Jet Sweep teams need to start with the idea that they will practice the jet and become great at running it. The whole philosophy is that the offense will threaten the perimeter of the defense with a play that has the potential to break for a long run at anytime.

The offense must put a large amount of practice time into the mechanics of the jet sweep. The timing and blocking techniques can be drilled in individual groups of backs, receivers and linemen. Once those fundamentals have been learned, the team can go to a half line "sweep drill" to work on the mechanics and execution against a live defense.

If the defense knows what play is being run, yet the offense can still execute the "jet" against that defense and make yards, the team gains great confidence in the play. The coaches must convince the offense that they when the game gets to the fourth quarter that they will be better at running the jet than the defense will be at stopping it.

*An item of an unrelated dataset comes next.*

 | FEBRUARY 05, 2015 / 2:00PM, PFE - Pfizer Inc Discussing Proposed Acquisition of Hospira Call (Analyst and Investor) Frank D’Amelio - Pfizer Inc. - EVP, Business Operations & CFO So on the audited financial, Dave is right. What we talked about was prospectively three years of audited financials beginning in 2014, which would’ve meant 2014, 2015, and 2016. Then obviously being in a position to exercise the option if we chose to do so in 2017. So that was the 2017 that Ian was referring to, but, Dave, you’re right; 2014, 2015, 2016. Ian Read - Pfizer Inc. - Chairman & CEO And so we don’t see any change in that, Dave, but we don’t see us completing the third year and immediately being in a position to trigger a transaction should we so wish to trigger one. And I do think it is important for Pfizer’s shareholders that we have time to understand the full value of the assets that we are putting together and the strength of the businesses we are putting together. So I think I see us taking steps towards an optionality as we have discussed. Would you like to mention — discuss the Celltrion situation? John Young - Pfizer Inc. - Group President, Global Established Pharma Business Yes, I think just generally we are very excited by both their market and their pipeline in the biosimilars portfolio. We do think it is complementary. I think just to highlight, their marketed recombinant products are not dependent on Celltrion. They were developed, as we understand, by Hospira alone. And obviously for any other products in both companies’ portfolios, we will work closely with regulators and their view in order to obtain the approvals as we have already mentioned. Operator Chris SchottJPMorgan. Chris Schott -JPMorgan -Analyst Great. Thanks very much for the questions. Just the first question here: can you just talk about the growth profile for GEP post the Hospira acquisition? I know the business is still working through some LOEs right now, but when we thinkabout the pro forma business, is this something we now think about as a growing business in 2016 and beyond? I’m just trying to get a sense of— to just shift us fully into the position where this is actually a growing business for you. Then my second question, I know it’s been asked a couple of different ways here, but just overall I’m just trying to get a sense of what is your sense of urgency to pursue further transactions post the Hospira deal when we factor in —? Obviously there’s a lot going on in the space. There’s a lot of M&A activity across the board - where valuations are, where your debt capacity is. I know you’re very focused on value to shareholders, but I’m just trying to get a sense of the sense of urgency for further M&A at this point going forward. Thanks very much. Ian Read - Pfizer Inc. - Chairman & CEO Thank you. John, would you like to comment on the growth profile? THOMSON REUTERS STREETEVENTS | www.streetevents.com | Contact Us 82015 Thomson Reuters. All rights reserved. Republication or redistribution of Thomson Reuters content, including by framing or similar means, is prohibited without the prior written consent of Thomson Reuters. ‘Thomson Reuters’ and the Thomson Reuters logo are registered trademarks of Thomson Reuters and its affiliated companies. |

Jet Sweep Drill using "half line". Important to video the drill from behind and coach the play in the film room with the team.

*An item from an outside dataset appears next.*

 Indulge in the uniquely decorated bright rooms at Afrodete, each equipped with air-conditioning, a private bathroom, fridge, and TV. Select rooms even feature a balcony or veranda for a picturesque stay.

Jet sweep drill using seal block technique by split end and arcing the inside receiver to block the corner. Another scheme would be to take the inside receiver and let him seal the inside linebacker, the split end seal the OLB and arc the running back to block the corner. Players learn their blocking rules against different defensive fronts and looks as they execute the play.

The offensive line has pretty simple blocking rules that rarely change. This helps when the offensive coordinator wants to run the play with tempo. The offensive tackle will reach block the "C" gap defender. If the defender moves inside, the tackle lets him go and works up to the next level and seals the linebacker. The rule of the playside guard is "pull and block the playside linebacker". He must learn to run the alley at a 45 degree angle as well as read the reach block of the tackle. The center reaches the "A" gap to the backside linebacker. If the play is being run to a tight end, that tight end reach blocks as well. The first receiver outside is responsible for the first defender outside the box unless a special scheme is called.

The jet sweep is a great play to run with compressed sets. If forces OLBs and other force players to be careful of their alignment and stay out of "crack" position. It also allows the jet back to get to the point of hand off much quicker.

The receivers align four yards apart. It is difficult for a defender to dart to the inside of the receiver without getting sealed to the inside.

The play can be run out of multiple formations. The quarterback can ride the back slightly and then fake the keep to the same side. But the basic jet sweep play and execution doesn't change regardless of the formation.